## Work to be completed
Without the pictures, give the entries below again exactly as written.

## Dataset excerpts
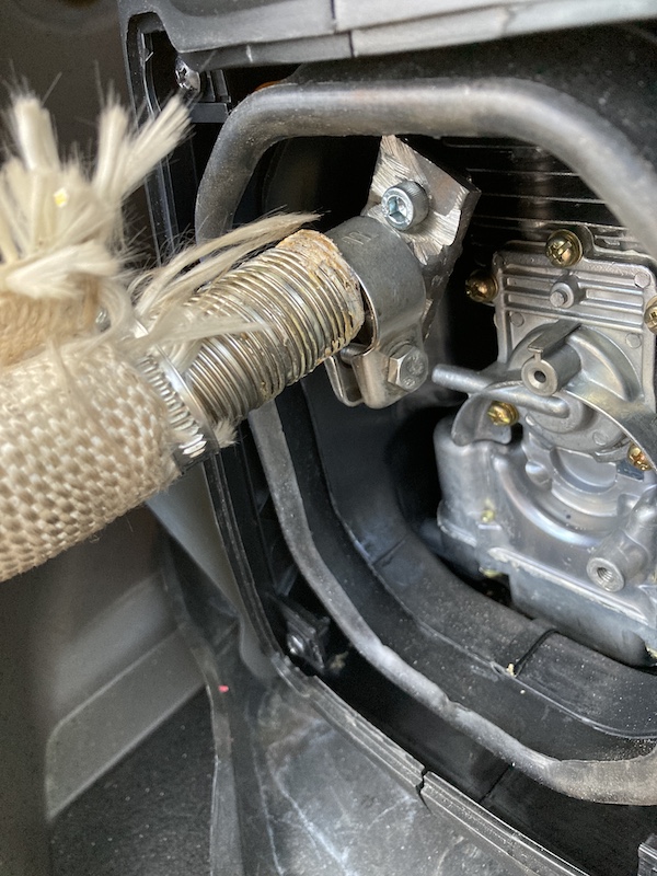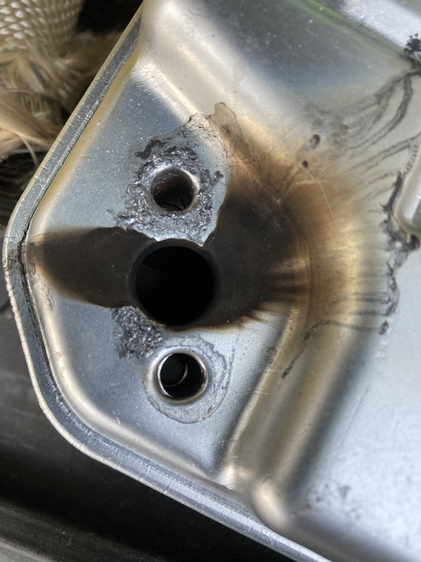 Esa irroitti äänenvaimentimen ja tadaa,,, Tehtaalla kasaaja oli ”pikkaisen” huolimattomasti laittanut tiivisteen paikoilleen ja se olikin melkein poikittain siellä, jolloin, kuten kuvasta näkyy, päästänyt osan pakokaasuista sivuilta ohi. Ja minä olin koko ajan luullut, että asentamani pakoputki tuosta äänenvaimetimesta eteen päin on se vuotaja ollut.
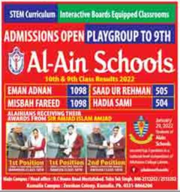 Al Ain Schools Playgroup to 9th Admission 2022 are held. Those students who want to register themselves with Al ain Schools they may contact to administrator as per paper Ad.
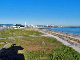 写真には、出力100万kwの石炭火力発電2基、 国内最大級という「相馬共同火力発電株式会社 新地発電所」の煙突が写る。
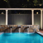 A dramatic focal wall was an important element of Ed Ball Landscape Architecture’s design for an outdoor entertainment space in Aldie, Virginia. Guests in and around the pool can watch TV and movies thanks to a special film installed inside a large, double-pane pool-house window. To create another point of interest, Ball says, “We installed a sheer-descent waterfall that cascades over a flagstone ledge planted with Virginia creeper. This softened the edges of the walls, stucco and stone.” Ball recommends top-notch filtration and cleaning systems for water features. “Make sure you’re spending money on the quality of the materials being used.”
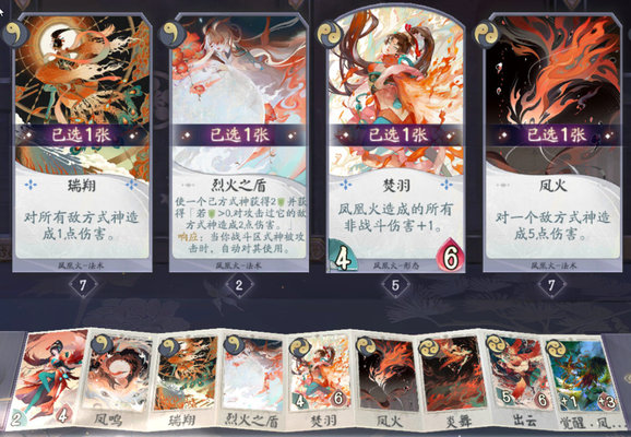 配卡思路:对所有敌方式神造成伤害的“瑞翔”具有群攻补刀的能力,负责解场和压制的“凤火”可以攻击准备区的式神,也能选择攻击战斗区的式神。
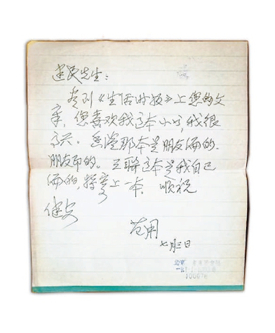 《生活時(shí)報(bào)》上的拙稿,是先在網(wǎng)上讀到,好幾天后才接到樣報(bào)的。正考慮著是否復(fù)印給先生(因怕給您添麻煩),便收到您的大札及三聯(lián)版的《我愛(ài)穆源》,喜不自勝。近幾天大暑,常常躺在席上翻讀《穆源》,很快又讀了一遍,雖似乎輕松但收益卻不少。我們最后留在生命記憶里的,不正是這些最純粹、率直的東西嗎?這也許正是它的價(jià)值,也許是人們復(fù)讀《穆源》的自然沖動(dòng)。再次致謝!
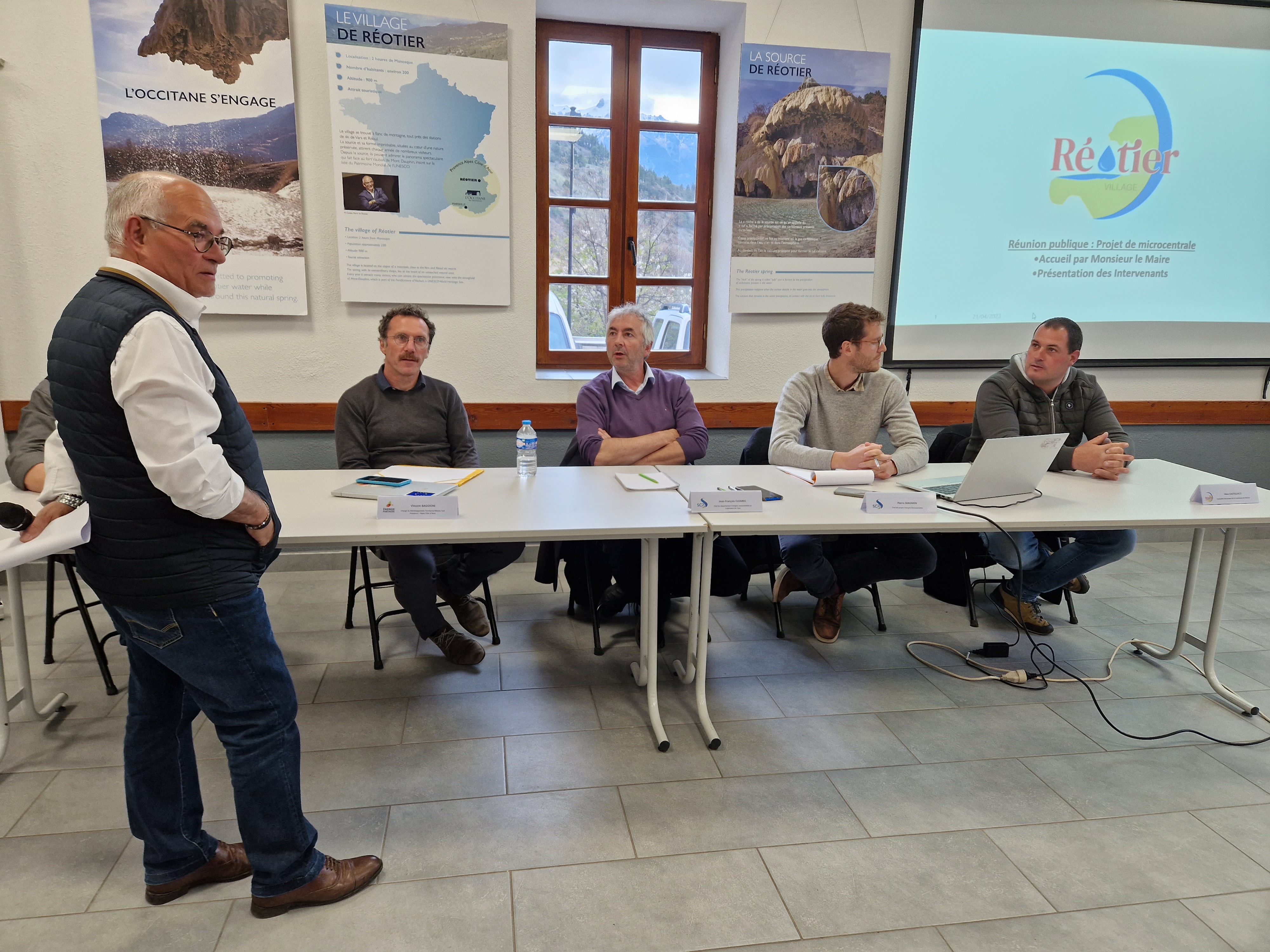 M. le maire a pris la parole pour introduire la réunion d’information. Il est revenu sur les raisons qui ont conduit à l’organisation de cette réunion, à savoir : la genèse du projet de microcentrale hydroélectrique suite aux sollicitations de plusieurs développeurs, la décision de la mairie d’organiser une consultation pour en sélectionner un sur la base de critères précis et lui confier le développement du projet de microcentrale contre le versement d’un loyer annuel, les périodes de confidentialité à respecter en lien avec cette consultation, le choix final de retenir la Société du Canal de Provence et d’en informer la population de Réotier à l’issue de la période de confidentialité.

## Response for this exercise
 Esa irroitti äänenvaimentimen ja tadaa,,, Tehtaalla kasaaja oli ”pikkaisen” huolimattomasti laittanut tiivisteen paikoilleen ja se olikin melkein poikittain siellä, jolloin, kuten kuvasta näkyy, päästänyt osan pakokaasuista sivuilta ohi. Ja minä olin koko ajan luullut, että asentamani pakoputki tuosta äänenvaimetimesta eteen päin on se vuotaja ollut.
 Al Ain Schools Playgroup to 9th Admission 2022 are held. Those students who want to register themselves with Al ain Schools they may contact to administrator as per paper Ad.
 写真には、出力100万kwの石炭火力発電2基、 国内最大級という「相馬共同火力発電株式会社 新地発電所」の煙突が写る。
 A dramatic focal wall was an important element of Ed Ball Landscape Architecture’s design for an outdoor entertainment space in Aldie, Virginia. Guests in and around the pool can watch TV and movies thanks to a special film installed inside a large, double-pane pool-house window. To create another point of interest, Ball says, “We installed a sheer-descent waterfall that cascades over a flagstone ledge planted with Virginia creeper. This softened the edges of the walls, stucco and stone.” Ball recommends top-notch filtration and cleaning systems for water features. “Make sure you’re spending money on the quality of the materials being used.”
 配卡思路:对所有敌方式神造成伤害的“瑞翔”具有群攻补刀的能力,负责解场和压制的“凤火”可以攻击准备区的式神,也能选择攻击战斗区的式神。
 《生活時(shí)報(bào)》上的拙稿,是先在網(wǎng)上讀到,好幾天后才接到樣報(bào)的。正考慮著是否復(fù)印給先生(因怕給您添麻煩),便收到您的大札及三聯(lián)版的《我愛(ài)穆源》,喜不自勝。近幾天大暑,常常躺在席上翻讀《穆源》,很快又讀了一遍,雖似乎輕松但收益卻不少。我們最后留在生命記憶里的,不正是這些最純粹、率直的東西嗎?這也許正是它的價(jià)值,也許是人們復(fù)讀《穆源》的自然沖動(dòng)。再次致謝!
 M. le maire a pris la parole pour introduire la réunion d’information. Il est revenu sur les raisons qui ont conduit à l’organisation de cette réunion, à savoir : la genèse du projet de microcentrale hydroélectrique suite aux sollicitations de plusieurs développeurs, la décision de la mairie d’organiser une consultation pour en sélectionner un sur la base de critères précis et lui confier le développement du projet de microcentrale contre le versement d’un loyer annuel, les périodes de confidentialité à respecter en lien avec cette consultation, le choix final de retenir la Société du Canal de Provence et d’en informer la population de Réotier à l’issue de la période de confidentialité.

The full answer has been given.